Writing on the 28th of August 1943, Branson suggested that the famine was to some large extent man-made rather than the result of natural disasters:

But the fact is there is enough food in India now …”

A major cause of the famine he suggested it was:

“… the hoarders, the big grain merchants, the landlords and the bureaucrats who have engineered the famine …”

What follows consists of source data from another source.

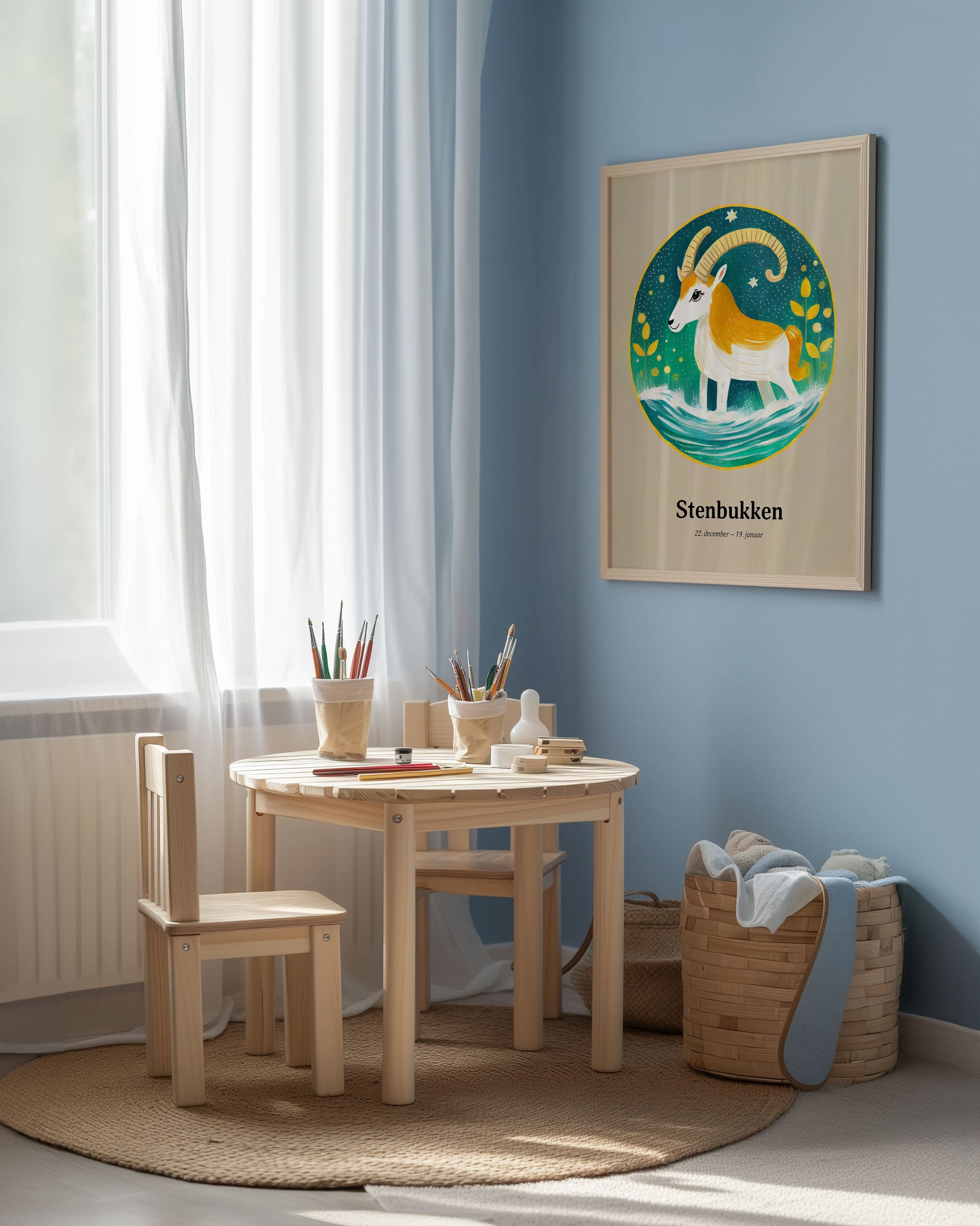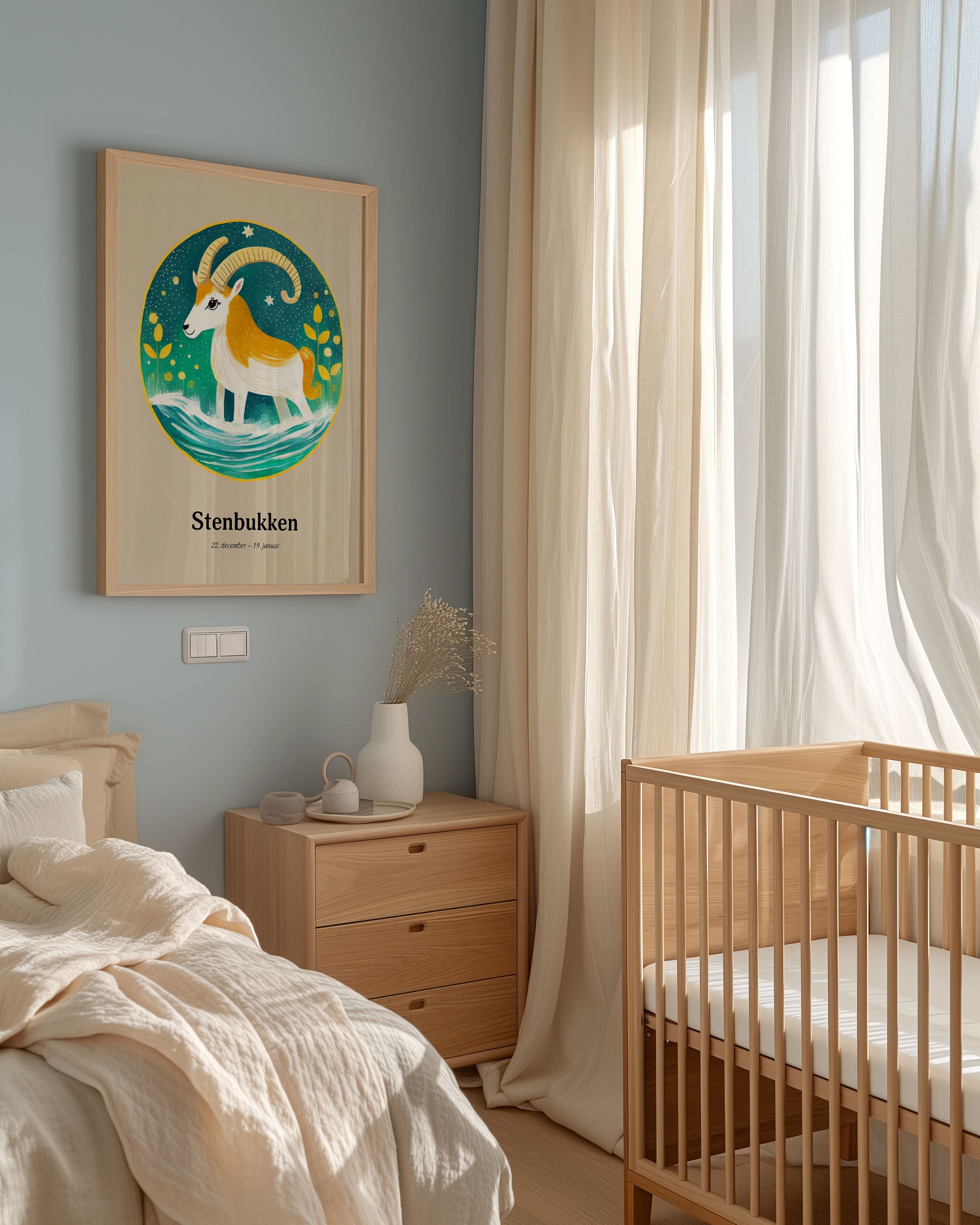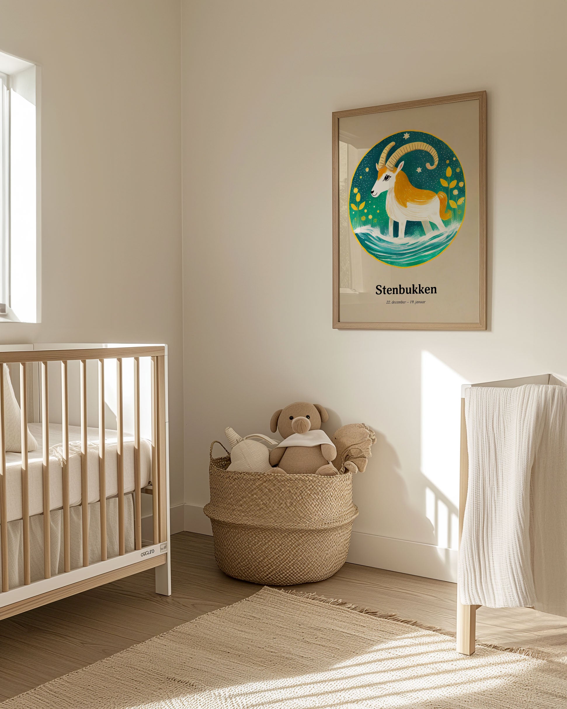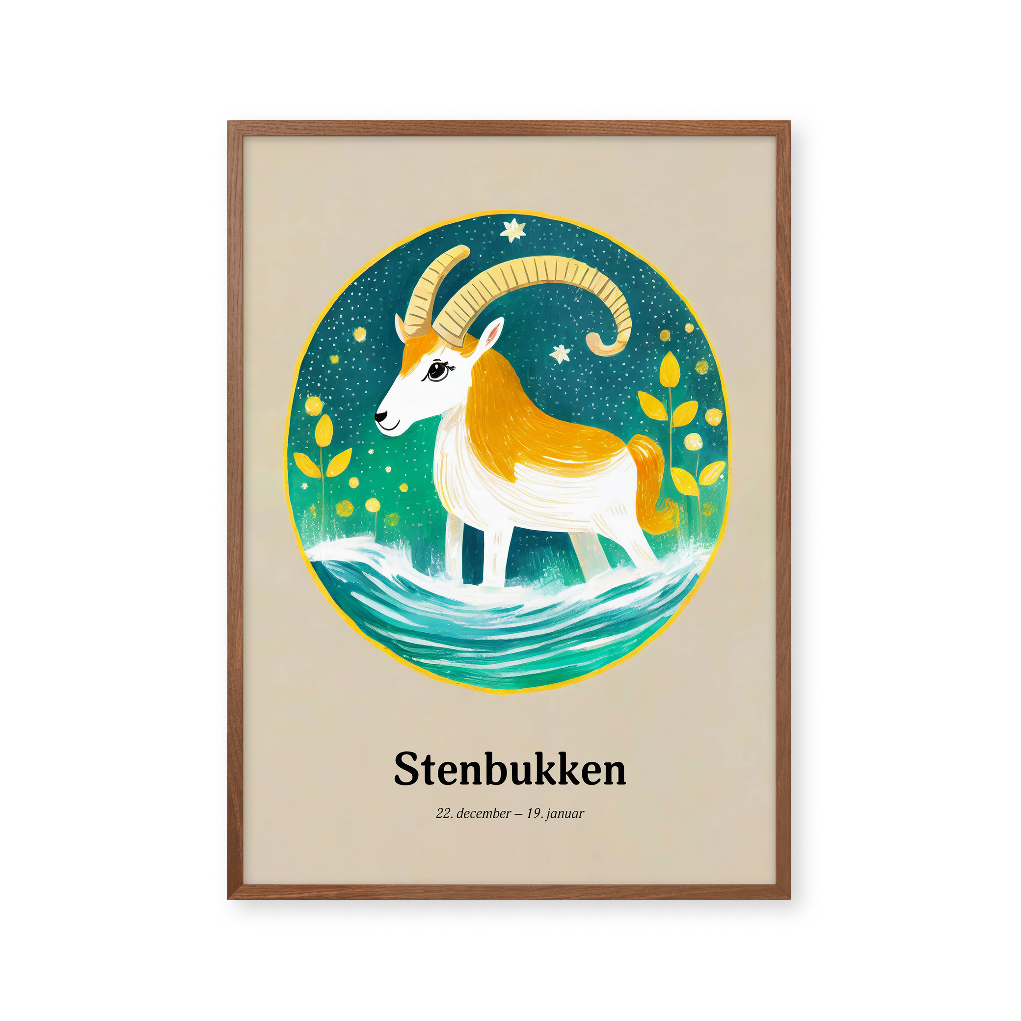 "Opdag "Stenbukkens Stjernetegn" plakat, en himmelsk harmoni af gyldne nuancer og azurblåt vand. Denne kunstneriske fortolkning fanger stenbukkens standhaftige ånd med livlige farver og stjernespækket design, perfekt til at tilføre et strejf af kosmisk elegance til ethvert rum."
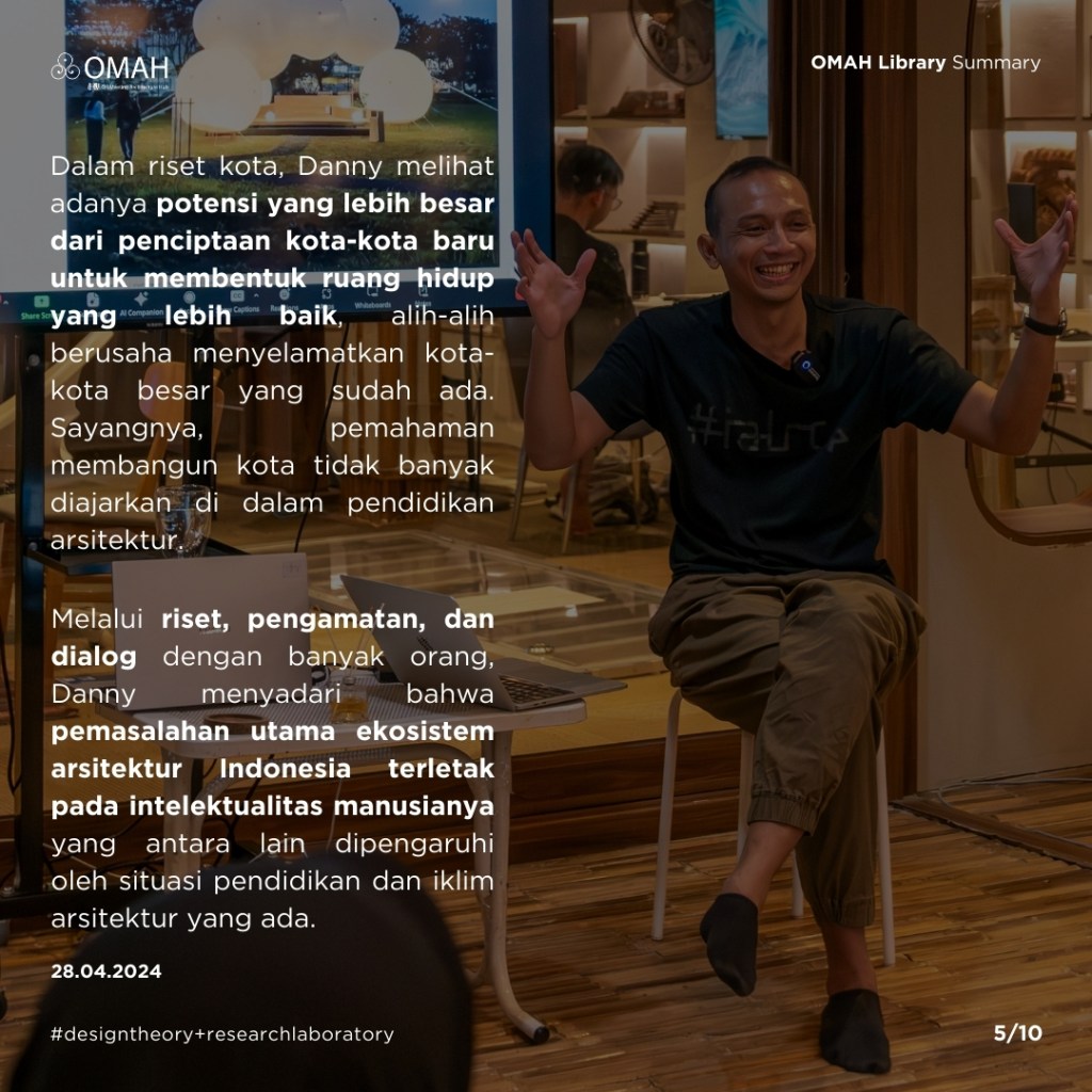 Melalui riset, pengamatan, dan dialog dengan banyak orang, Danny menyadari bahwa pemasalahan utama ekosistem arsitektur Indonesia terletak pada intelektualitas manusianya yang antara lain dipengaruhi oleh situasi pendidikan dan iklim arsitektur yang ada.
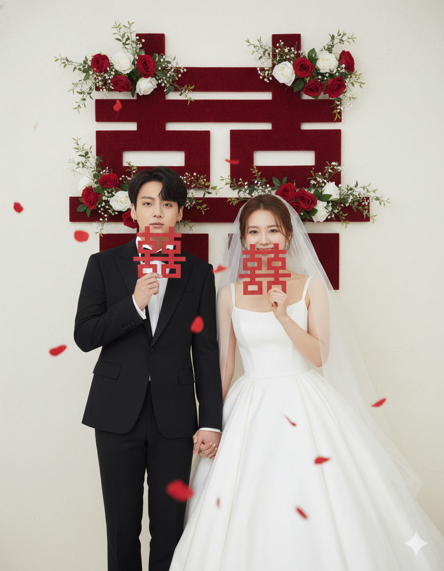 Tạo ảnh sử dụng chi tiết gương mặt nguyên bản của ảnh trên, không thay đổi chi tiết gương mặt, yêu cầu gương mặt giống nhất, tạo 1 phông nền màu trắng kem, 1 khung hình chữ song hỷ màu đỏ thẫm to hơn người, trên khung chữ hỷ có trang trí hoa tươi, cô gái váy cưới trắng bồng bềnh, phía sau tóc voan cưới, đứng cạnh chàng trai, tay cô gái cầm một hình cắt chữ hỷ màu đỏ và giơ lên tự nhiên sát bên cạnh mặt, giữ nguyên nét mặt và biểu cảm nhìn thẳng camera, chàng trai mặc vest đen, chàng trai 1 tay nắm tay cô gái, tay kia cầm một hình cắt chữ hỷ màu đỏ giơ lên tự nhiên sát bên mặt. Có hoa hồng rơi ở xung quanh. Ảnh chụp studio độ phân giải cao, chi tiết tinh xảo, mang vẻ đẹp thanh lịch và cao cấp.
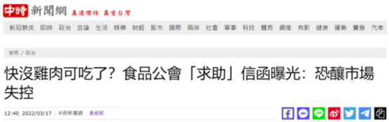 台灣中時新聞網報道截圖 中時新聞網稱,台灣農業專家“Lin bay 好油”16日在臉書貼出“台灣區冷凍食品工業同業公會”發給“農委會”的函,稱會員反映各地暴發禽流感疫情,導致近期雞肉供給數量將出現短缺,恐有造成消費市場失控之虞。 “台灣區冷凍食品工業同業公會”人員17日接受中時新聞網采訪時,證實公會發過此信函,并表示日前禽流感疫情暴發,產蛋雞被撲滅,因此導致雞蛋短缺,“接下來可能雞肉也會有同樣的狀況!” 食品公會表示,台灣的雞肉供給分為自產與輸入,輸入的部分主要來自美國,但至16日為止美國已有15個州被公佈是疫區。除此之外,同業公會還稱,新冠疫情讓航運等全都大亂,有些肉品其實早在一個月前就已送到港口,卻因為排隊關係上不了船,如今成為疫區,只要一通報港口就會禁止相關肉品上船,導致這些沒問題的肉品也無法來台。 食品公會透露,目前短缺的情況已經讓會員們開始緊張,雖然因為還有庫存,雞肉短缺問題并沒有實際發生,但恐會在四五月出現。
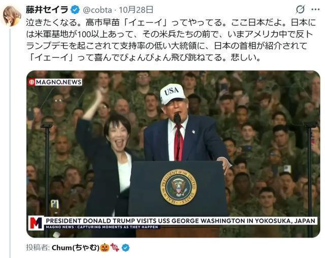念念哭。 高市早苗挥手喊“耶——”。这里是日本呀。 日本有100个以上的好意思军基地,在那些好意思军眼前,由相沿率低下开云(中国)Kaiyun·官方网站 - 登录入口,好意思国国内正在进行反特朗普游行的大统最初容日本首相,她还茂盛得连蹦带跳喊“耶——”。 哀痛。 不愧是搞写稿的大V。同样批判“高市的奉迎社交”,同样1000多万次的阅读量,即使被喷,喷子也得管束着喷。 乡民意态,常东谈主是学不来也领会不了的
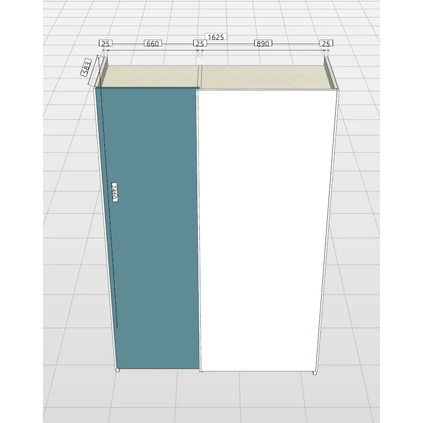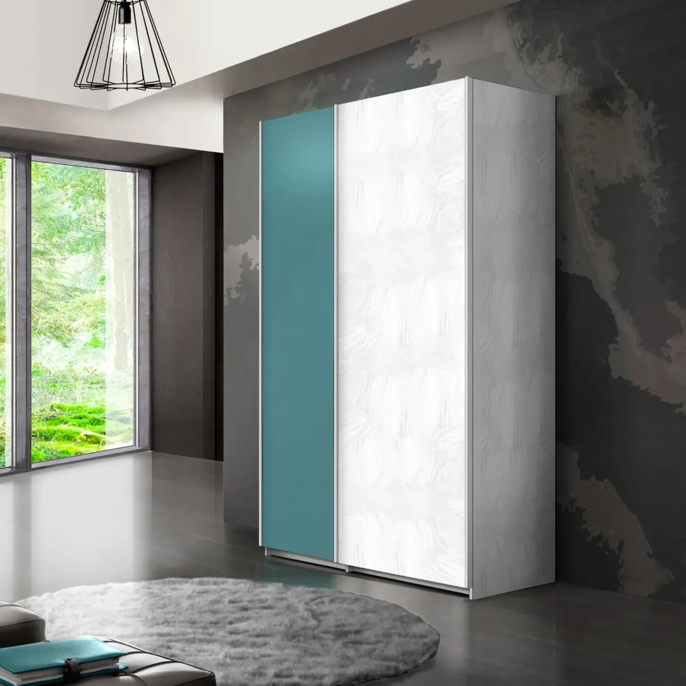 Armadio scorrevole 2 ante, L.163, Snow e Ceruleo laccato
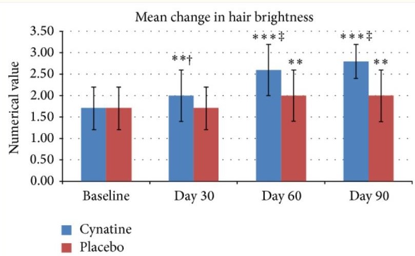 Результаты показали, что улучшение внешнего вида, блеска и яркости волос составило 47,1% через 90 дней приема Cynatine.
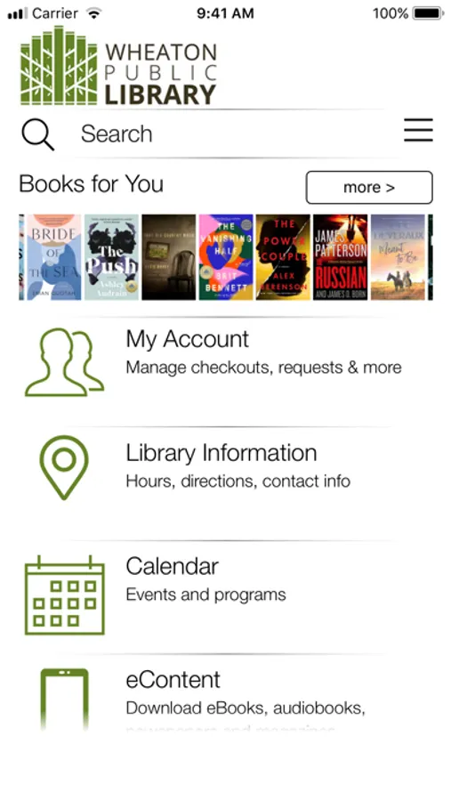 Access Wheaton Public Library from your iPhone, iPad or iPod Touch. Manage your account, search the catalog, request material, download ebooks and register for events.
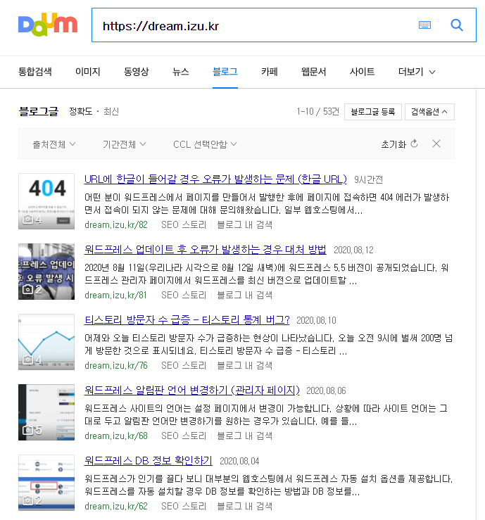 이 블로그는 대부분의 방문자가 다음에서 유입되고 있는데, 어느날 다음 유입이 급감하는 현상이 나타났습니다. 다음에서 방문자가 다음에서 site:사이트주소로 검색해보니 "검색 결과가 없습니다"가 표시되면서 다음에 이 블로그의 모든 글이 누락된 것을 발견했습니다.
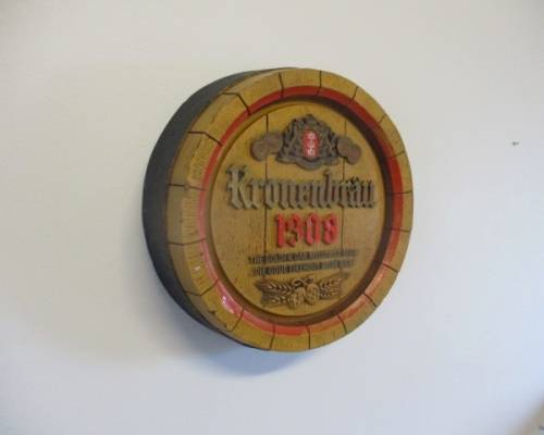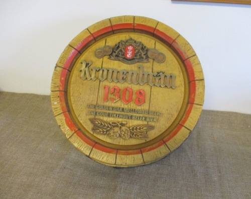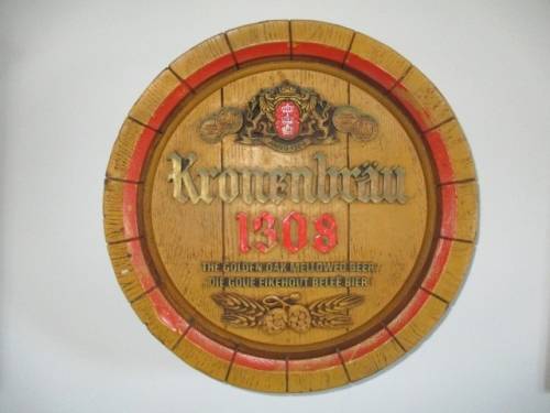 This is very rare and seldom available !!!! Vintage Kronenbrau 1308 beer barrel sign - The Golden Oak Mellowed Beer/Die Goue Eikehout Belee Bier 1970's Made of high quality compressed polystyrene with an antique wooden finish In good clean condition Stunning looking show piece
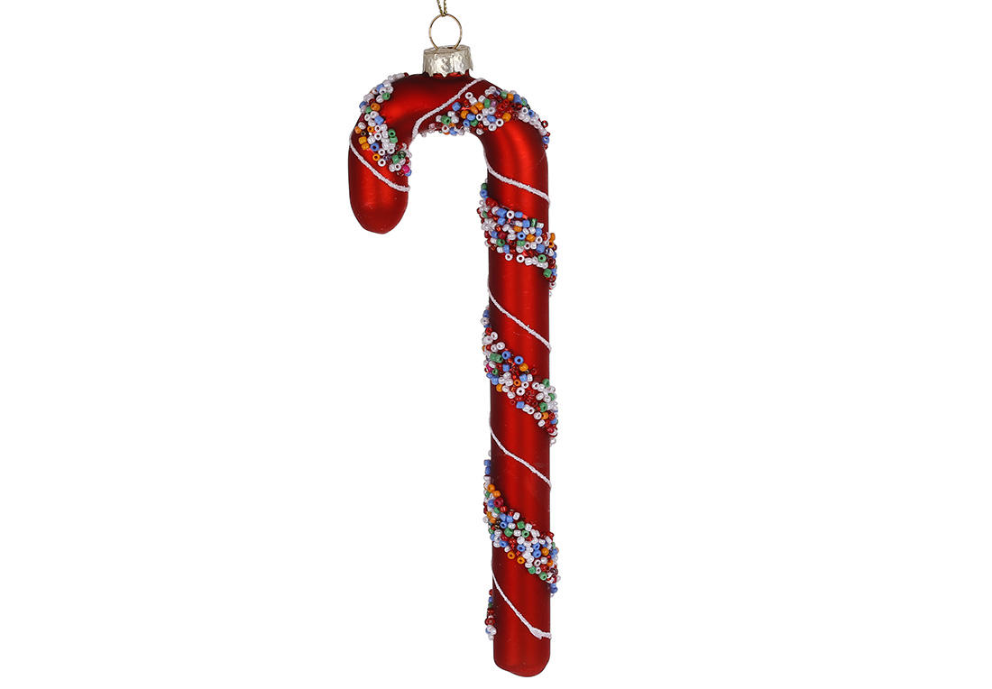 Ялинкова прикраса Карамельна палиця з декором з бісеру 20см, колір - матовий червоний
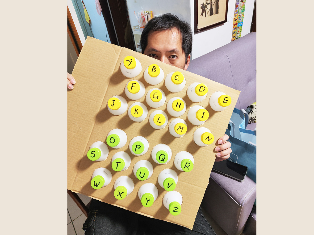 小孩剛學英文字母,區分大小寫很困難,26個要對應也教半天,我就想到做一個學習板給小孩玩,還能順便訓練小肌肉~
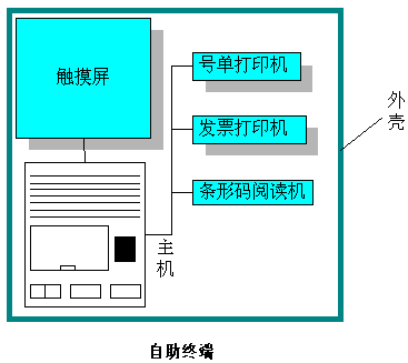 自助終端的結(jié)構(gòu)主要分為6個(gè)部分:主機(jī)、觸摸屏、條形碼閱讀機(jī)、號單打印機(jī)、發(fā)票打印機(jī)和外殼。

And, on the 14th September 1943, Branson wrote:

The thing that stands out a mile is that the Government showed no signs of weakness when it came to the arrest of the Congress in glaring contrast  to its utter helplessness (??) (or should we call it co-operation, tie-up) in the face of the grain profiteers (and in a similar situation – the cloth merchants – the coalowners, re employment of women underground).”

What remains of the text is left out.